In rats, a hexarelin‑like peptide called EP 80661 makes male rats get erections by raising nitric‑oxide levels in a brain area that controls sexual function. Turning on GABA‑A receptors with muscimol or opioid receptors with morphine blocks both the erection and the nitric‑oxide rise, and these blocks can be undone with specific antagonists. The findings show that GABA and opioid pathways can counteract hexarelin‑induced sexual effects, at least in rats.

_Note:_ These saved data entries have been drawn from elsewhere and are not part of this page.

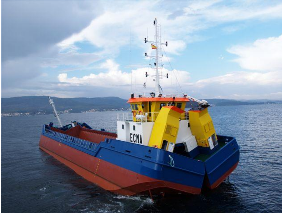
Slika 4.8: Plovna teglenica ECMA
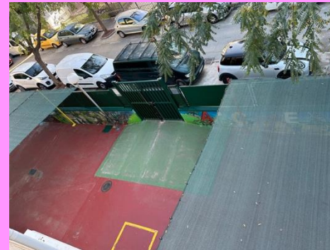
ENTRADA INFANTIL 3 AÑOS
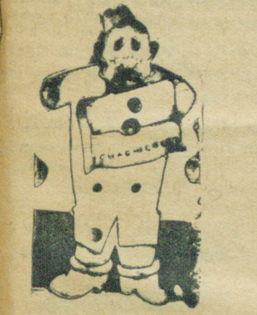
Рождествов: Разве я могу взять: я же без рук.

К очередям привлекли. Совершенно не удивляет сейчас огромный хвост в приемной здравпункта. Люди идут лечиться. У многих зуб болит, у многих с животом неладно, а то просто какая-нибудь заноза в палец забралась.
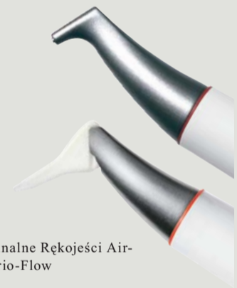
> Oryginalne Rękojeści Air-Flow i Perio-Flow

Usuwanie szkodliwego biofilmu aż do samego dna kieszonek. To istota Oryginalnej Metody Air-Flow Perio. Poddźiąsłowa redukcja bakterii zapobiega utracie zęba (periodontitis) lub utracie implantu (periimplantitis). Regularne zawirowania strumienia mieszanki powietrza i piasku oraz woda zapobiegają odmie – nawet gdy docierają do granic profilaktyki – dzięki działaniu końcówki Perio-Flow.
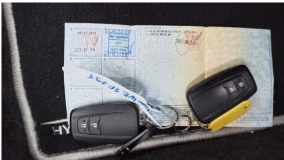
Fot. 33 Dow. Rej. Str.2 i klucze
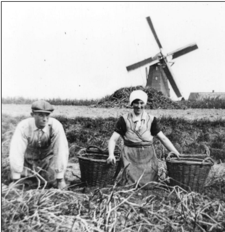
Fig. 1. De achtkantmolen aan de Bredeweg in Nederweert, aan de rand van het uitbreidingsplan Kerneelhoven.

De ingebruikname werd gepubliceerd op 15 augustus 2002.
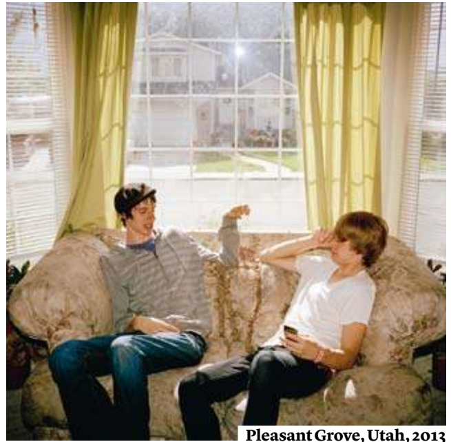
Pleasant Grove, Utah, 2013
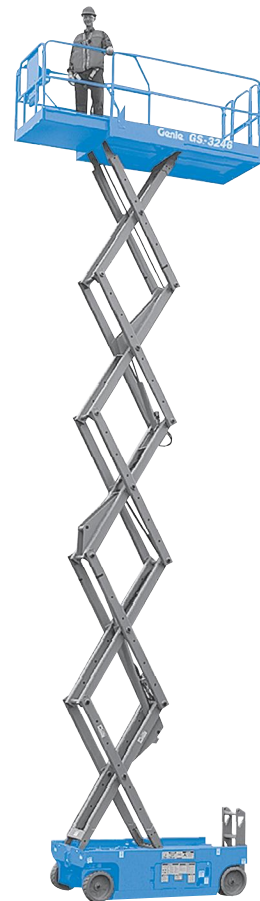
03/17, Ersatzteil Nr. B109379DE
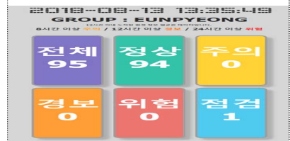
IoT 안전관리솔루션 모니터링
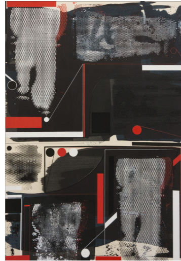
Blackbox - Acryl . 100x70cm

Urbanpiraten – Start Up - Magdeburg 2008
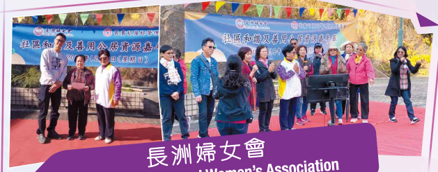
長洲婦女會 Cheung Chau Island Women's Association

該會在關愛的社區活動中秉持以往展望將來，在各方面都得到了很大的提升和發展，彰顯出自強不息，堅韌、剛毅、智慧、豁達的新時代女性風采。衷心感謝各位繼續大力支持。
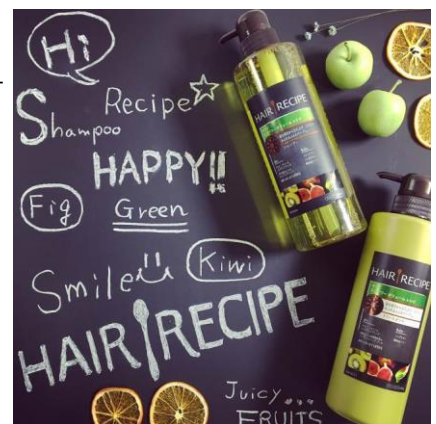
<Mariko さんによる投稿イメージ>

The effect of muscimol, a GABA(A) receptor agonist, and of morphine, an opioid receptor agonist, on penile erection induced by the hexarelin analogue peptide EP 80661 (GAB-D-Trp(2-Me)-D-Trp(2-Me)-LysNH(2)) and on the increase in the concentration of NO(2)(-) and NO(3)(-) that occurs concomitantly in the dialysate obtained from the paraventricular nucleus (PVN) of the hypothalamus by intracerebral microdialysis, was studied in male rats. Muscimol (50, 100 and 200 ng) and morphine (0.1, 0.5, 1 and 5 microg) given into the PVN dose-dependently reduced penile erection induced by EP 80661 (1 microg) injected into the PVN. The reduction of penile erection was parallel to a decrease of the concomitant NO(2)(-) and NO(3)(-) increase that occurs in the paraventricular dialysate in these experimental conditions. Muscimol and morphine effects on EP 80661-induced penile erection and NO(2)(-) increase were prevented by the prior administration into the PVN of bicuculline (250 ng) and naloxone (5 microg), respectively. The present results show that the activation of GABA(A) receptors and of opioid receptors in the PVN reduces penile erection induced by hexarelin analogue peptides by reducing the increase in NO activity that occurs in this hypothalamic nucleus in these experimental conditions.